It’s high time for a primer. Over the past year, I’ve been visiting oyster farms and oyster bars across North America for a new site called Oysterater and a new book called The Essential Oyster. During that time I’ve settled on twenty rules for choosing—and dispatching—oysters. Use them, set your friends straight, and for God’s sake tell your servers. Viva la revolución.

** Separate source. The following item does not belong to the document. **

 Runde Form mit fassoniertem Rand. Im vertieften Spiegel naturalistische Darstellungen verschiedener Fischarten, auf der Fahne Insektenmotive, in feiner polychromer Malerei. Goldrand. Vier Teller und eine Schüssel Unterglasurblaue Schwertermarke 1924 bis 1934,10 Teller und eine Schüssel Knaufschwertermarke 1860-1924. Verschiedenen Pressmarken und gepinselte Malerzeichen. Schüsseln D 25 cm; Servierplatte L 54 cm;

The Atlantic and Pacific Oceans taste different, and oysters draw most of their flavor from the waters they live in. The Atlantic is a pure, sharp brine, while the Pacific is sweeter and more kelpy, like miso soup. Keeping that in mind can help steer you toward your oysters of preference, especially if you also:
Most of the oysters consumed in North America are either the Eastern oyster (from the Eastern seaboard to the Gulf of Mexico) or the Pacific oyster (from British Columbia to Baja). The Eastern tastes like brine and broth with a sweet-corn finish. The Pacific tastes like cucumber or watermelon rind. Hugely different. Most people strongly prefer one or the other. A classic example of an Eastern oyster would be an Island Creek, from Duxbury Bay, Massachusetts. A classic Pacific would be a Hama Hama from Washington’s Hood Canal. There are also four other minor species of oysters you might encounter. Kumamotos are like baby Pacifics, and have even more of that green-melon flavor. European Flats, also known as Belons, are the native oyster of Europe and taste like a battery terminal covered in iodine. Olympias, the only oysters native to the West Coast, are tiny and taste like a Bloody Mary. Kiwas, the native oysters of New Zealand, are closely related to the European Flat and are, pound for pound, the most ferocious oyster I’ve ever tasted. They are only now becoming available in the United States. Try one if you dare.

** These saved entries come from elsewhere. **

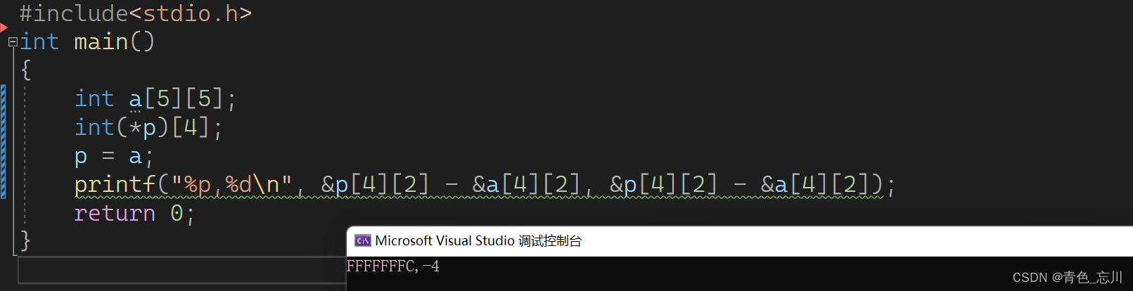 {int a[5][5];int(*p)[4];p = a;printf("%p,%d\n", &p[4][2] - &a[4][2], &p[4][2] - &a[4][2]);return 0;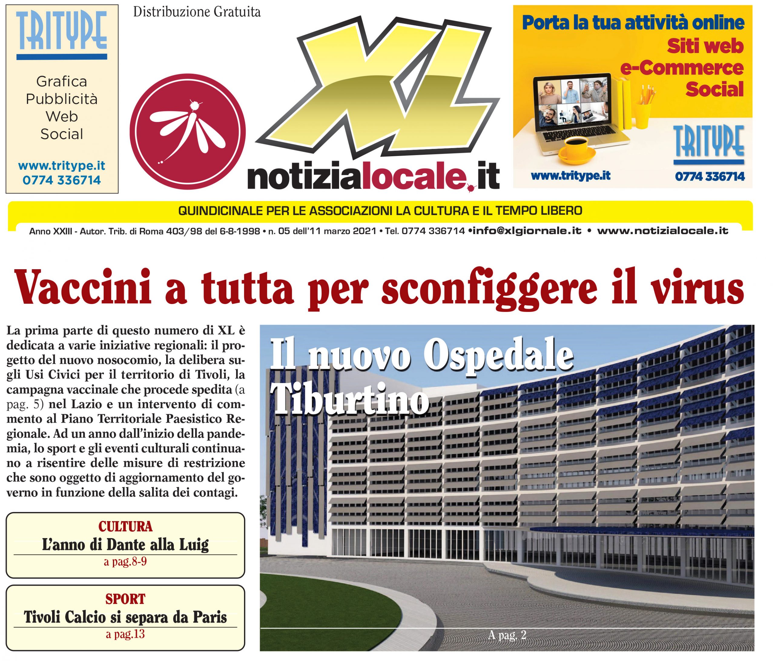 Online e Cartaceo (10.000 copie) nei nostri espositori a Tivoli e Guidonia il nuovo numero di XL GIORNALE • Territorio: piove ancora sul bagnato! • Tivoli: l’assemblea pubblica su Via dei Sosii • Isruzione: il futuro della scuola Taddei? • Giornate Europee dell’Archeologia •Sport: raccolta fondi per campo di basket a Guidonia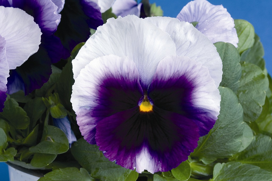 Виола крупноцветковая селло биконсфилд - это великолепное растение, которое поразит вас своей изысканной красотой. Ее фиолетово-белые цветки диаметром 8-10 см привлекут внимание всех садоводов. Высота растения до 15 см делает его идеальным для групповых посадок, создавая удивительные цветочные композиции.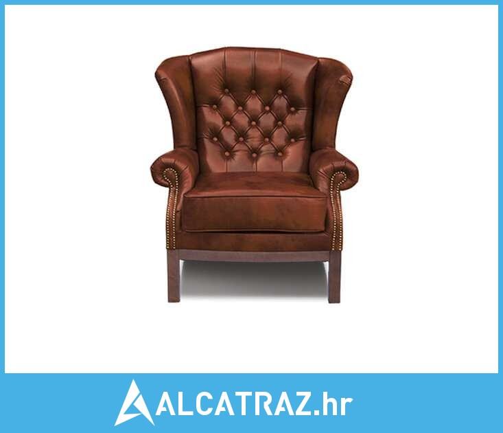 ***POSJETITE NAŠ SHOWROOM I UVJERITE SE U ENGLESKU KVALITETU*** Chesterfield Fotelja Durban Leather Cloudy CaramelMajstorova ruka u ovoj Chesterfield fotelji od goveđe kože Durban jasno je prepoznatljiva po lijepo izrađenim detaljima, poput zakovica i tapeciranih rukohvata i naslona.Jedan od najvažnijih materijala prilikom proizvodnje kvalitetne Chesterfield fotelje je koža. Chesterfield namještaj ručno je izrađen od visokokvalitetne poluanilinske kože, koja se zatim lakira.Okvir je izrađen od bukovine, koja je zalijepljena i vijčana. Duga tradicija zanatskog umijeća vidljiva je kroz udobnost i izgled Durban modela.Model Chesterfield fotelje 'Durban' jedan je od vodećih modela Chesterfielda. Ovaj Chesterfield model od kože također je dostupan u tkanini i vintage koži.Certifikat autentičnosti i premijerno jamstvo pružaju se standardno pri kupnji svakog komada namještaja.Tehnički podaci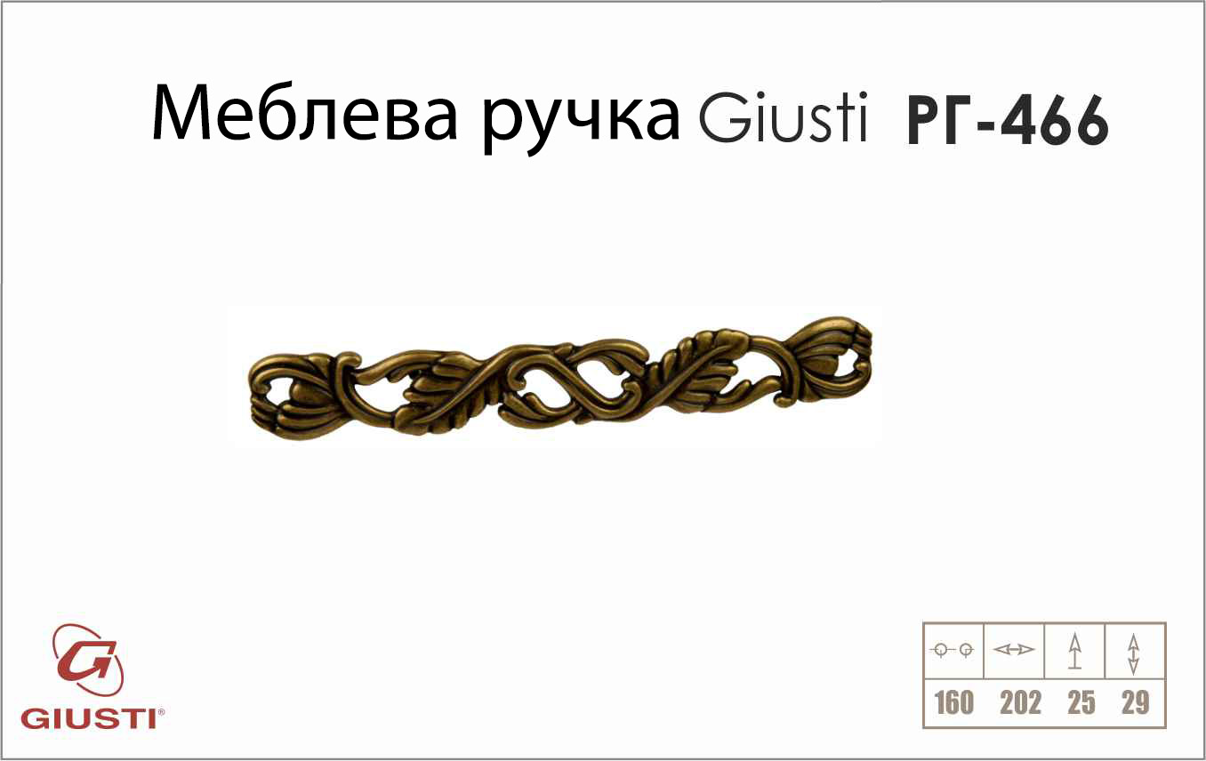 Відстань між отворами, мм: 160Італійська компанія Giusti є провідним виробником меблевих ручок.

All day long, oysters pump seawater through their bodies, filtering out the plankton. They become just as salty as their environment—which can vary a lot. The upper section of Chesapeake Bay has only one-third the salinity of the ocean. Estuaries like Puget Sound and the Gulf of Saint Lawrence are in between. If you’re a full-on brine hound, look for oysters grown in pure ocean water, like Fishers Islands and Hog Island Sweetwaters. If you like an oyster with a fresh, mineral bite, look for oysters tucked near river mouths, like Murder Points. If you prefer balance, split the difference. Oysterater maps all the world’s oysters, so you can make a pretty good guess about salinity and water temperature, which will help you to:
Oysters are strongly seasonal. They eat algae, which generally have a big bloom in the spring (as soon as water temperatures begin to warm), proliferate through the summer (when sunlight is abundant), tail off in the fall, and go dormant in winter. Oysters go into hibernation in the winter, when their food supply disappears, just like bears—and to survive the winter dormancy, they stuff themselves in late fall. They get plump and sweet, then live off their reserves. By early spring, they are emaciated. So: Most oysters I know are best from November through January. Far northern oysters, which have to survive the longest dormancy, can be crazy sweet around Thanksgiving or Christmas. They also suck in March and April, when southern and Pacific oysters have already been feeding and fattening for a month or two. Following these trends will lead you directly to Rule No. 5:
More often than not, the oysters served in raw bars look like this—a shrunken gray ghost in a pool of seawater. That oyster is running on fumes: no fat, no glycogen, no reserves, no sweetness. It’s just going to taste like saltwater. An oyster should be plump and opaque, completely filling the shell, like these Beauregard Islands here. That photo was taken in April, when Gulf Coast oysters had been feeding heavily for months, but Northern oysters are still sleepy and starved. Among other things, this means:
I’m so bored with northern chefs telling me they don’t serve southern oysters because southern oysters aren’t salty, firm, or safe. These chefs haven’t kept up with the times. It used to be that the last great wild-oyster harvests came from Chesapeake Bay and the Gulf of Mexico, so these were the only southern oysters most people had ever tasted. Wild oysters are dredged by the ton and sold by the sack; they get none of the pampering of farmed oysters. They tend to be gnarled, muddy, and less salty, because wild oysters thrive in brackish waters—like Chesapeake Bay and the Louisiana coast—where their many saltwater-loving predators can’t go. That’s how the South got a reputation for bland, skanky oysters. But in the past few years, growers in the Southeast and Gulf Coast have been using state-of-the-art gear to farm oysters in super-salty waters, and they are cranking out some of the briniest—and best—oysters in the country, such as Virginia’s Sewansecotts and Alabama’s Point aux Pins.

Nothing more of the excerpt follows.